The shares fell 5.8pc to £21.90 after the group reported a 6pc fall in first-half profits to £183.4m pre-tax, on revenues 17pc lower at £4.9bn.
The company, which makes catalytic converters for cars and processes platinum for industrial use, said its performance was dragged down by its precious metals products business, after a sharp fall in prices.
Neil Carson, chief executive, said: "Whilst precious metal prices have improved from their lows during the summer, largely due to the labour unrest in South Africa, the outlook in some of our other markets has weakened and visibility remains limited.
"We therefore expect that the group's performance in the second half will be similar to the first half of the year."
The company said revenue within its precious metal products division fell 22pc to £3.8bn, with lower average precious metals prices, low volumes, and operational issues all acting as a drag.
The average price of platinum was 16pc lower than the corresponding period last year, at $1,500 (£940) an ounce.

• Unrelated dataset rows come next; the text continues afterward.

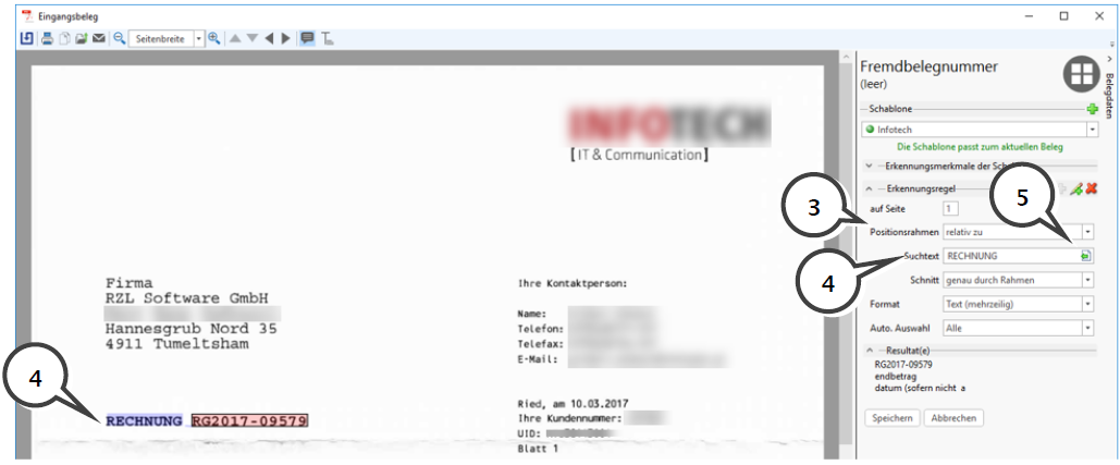 Ansonsten markieren Sie bitte den Suchtext innerhalb der Rechnung mit der Maus (hier: RECHNUNG) und klicken Sie in der Zeile Suchtext auf das Einfügen-Symbol (5). Somit wird die Bezeichnung des gewünschten Suchtextes (Bezugspunkt) eingetragen.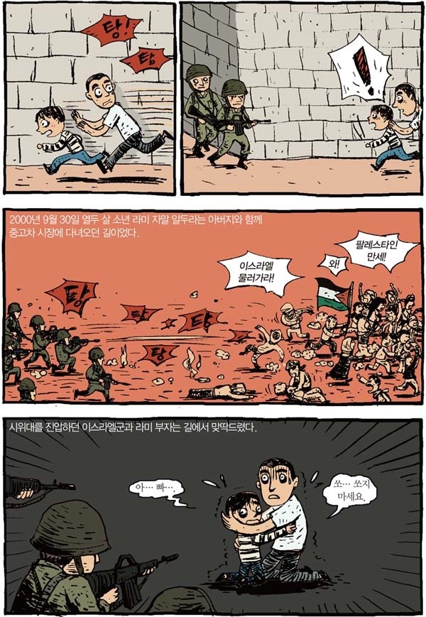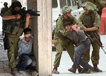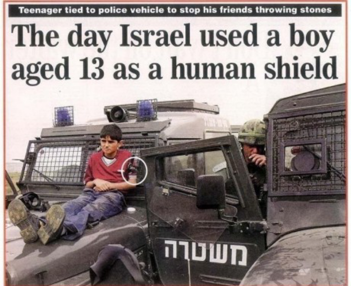팔레스타인 어린 아이를 납치해 인간방패로 쓰면서 공격을 하는 이스라엘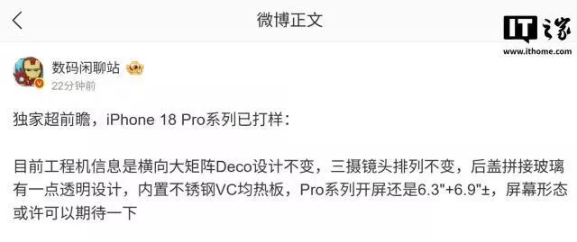 同样是在今天的博文中,博主还爆料称iPhone 18 Pro Max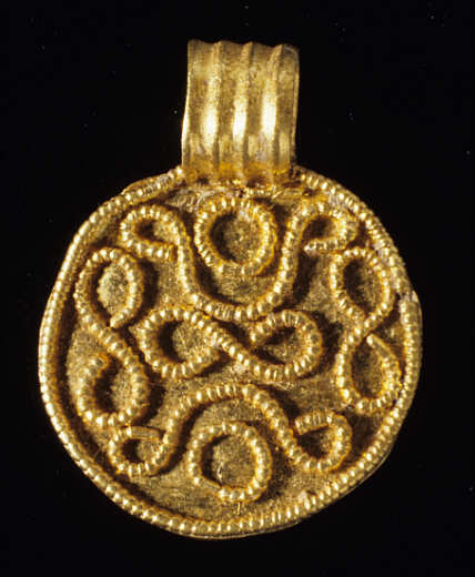 unten: Goldanhänger mit geperlter Drahtauflage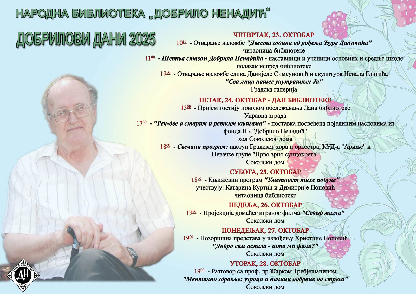 Tradicionalno i ove godine Narodna biblioteka „Dobrilo Nenadić“ organizuje šestu po redu manifestaciju „Dobrilovi dani “ posvećenu Dobrilu Nenadiću, našem najvećem romansijeru i agronomu. Manifestacija počinje 23. oktobra i traje do 28.oktobra.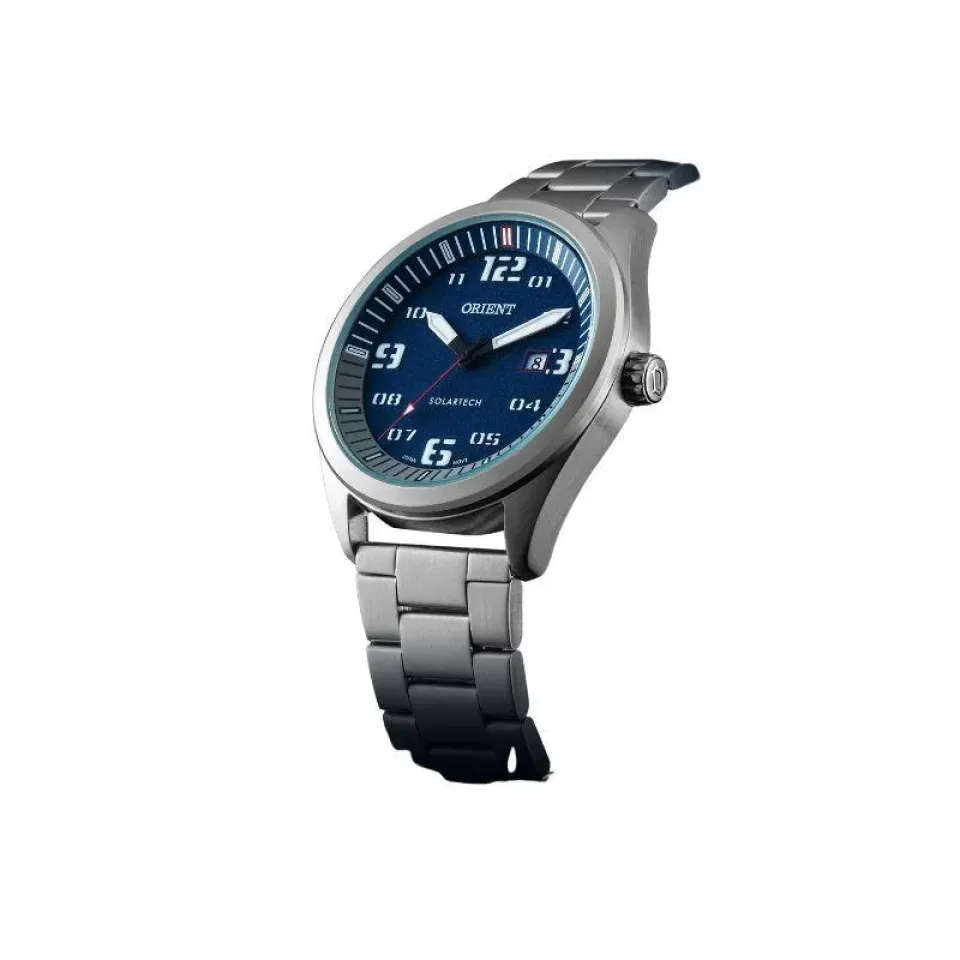 RELÓGIO ORIENT SOLARTECH D2SX PRATA E FUNDO AZUL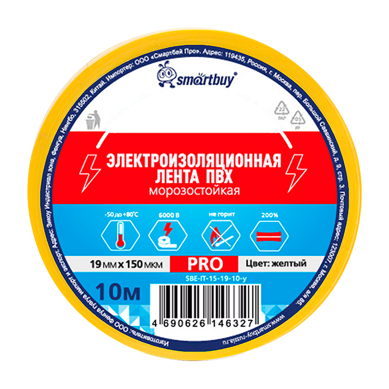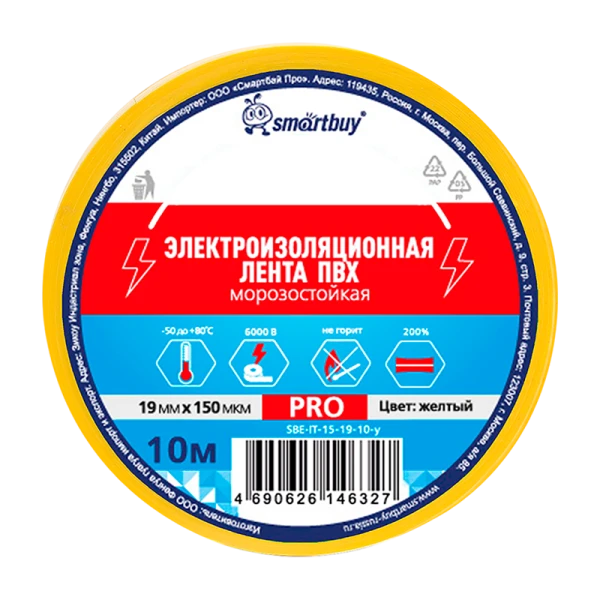 Изолента Smartbuy PRO 19мм*10м ПВХ морозостойкая желтый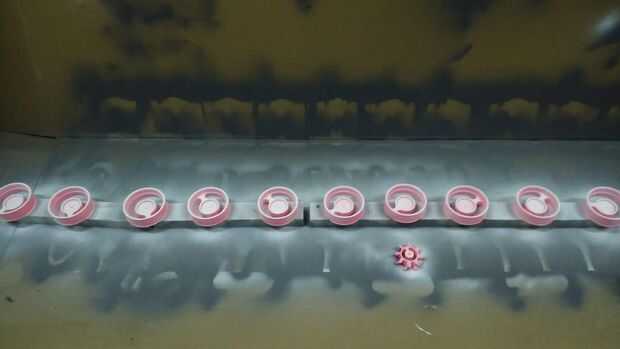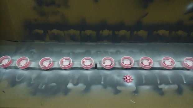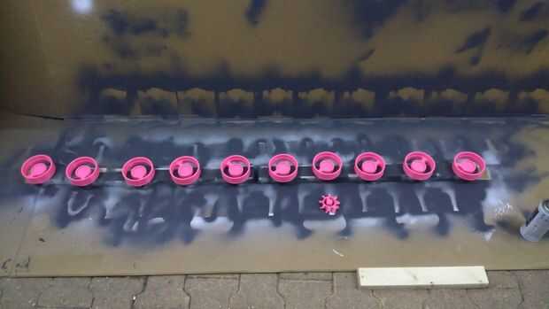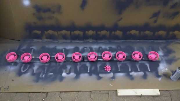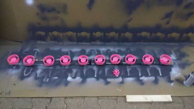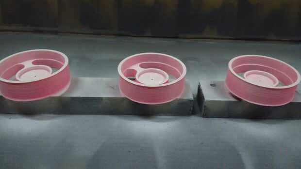 Rosa PLA fue utilizado para imprimir todas las piezas, si tuviéramos filamento gris habría utilizamos en su lugar. Así que para conseguir un chasis gris, tuvimos que pintar todas las piezas. Primero aplicamos una pintura de imprimación varias veces antes de aplicar la pintura gris final.

Johnson Matthey said that while prices fell sharply over the period until the middle of August, the violent strikes at Lonmin (LSE: LMI.L - news) 's Marikana mine which spread to the wider South African mining industry, saw prices rise on supply fears.
"The platinum market is expected to move into deficit in the calendar year 2012, with global demand broadly flat but supply expected to fall sharply due to labour disruption in South Africa," the group said.
The interim dividend, payable on February 5, was increased from 15p to 15½p.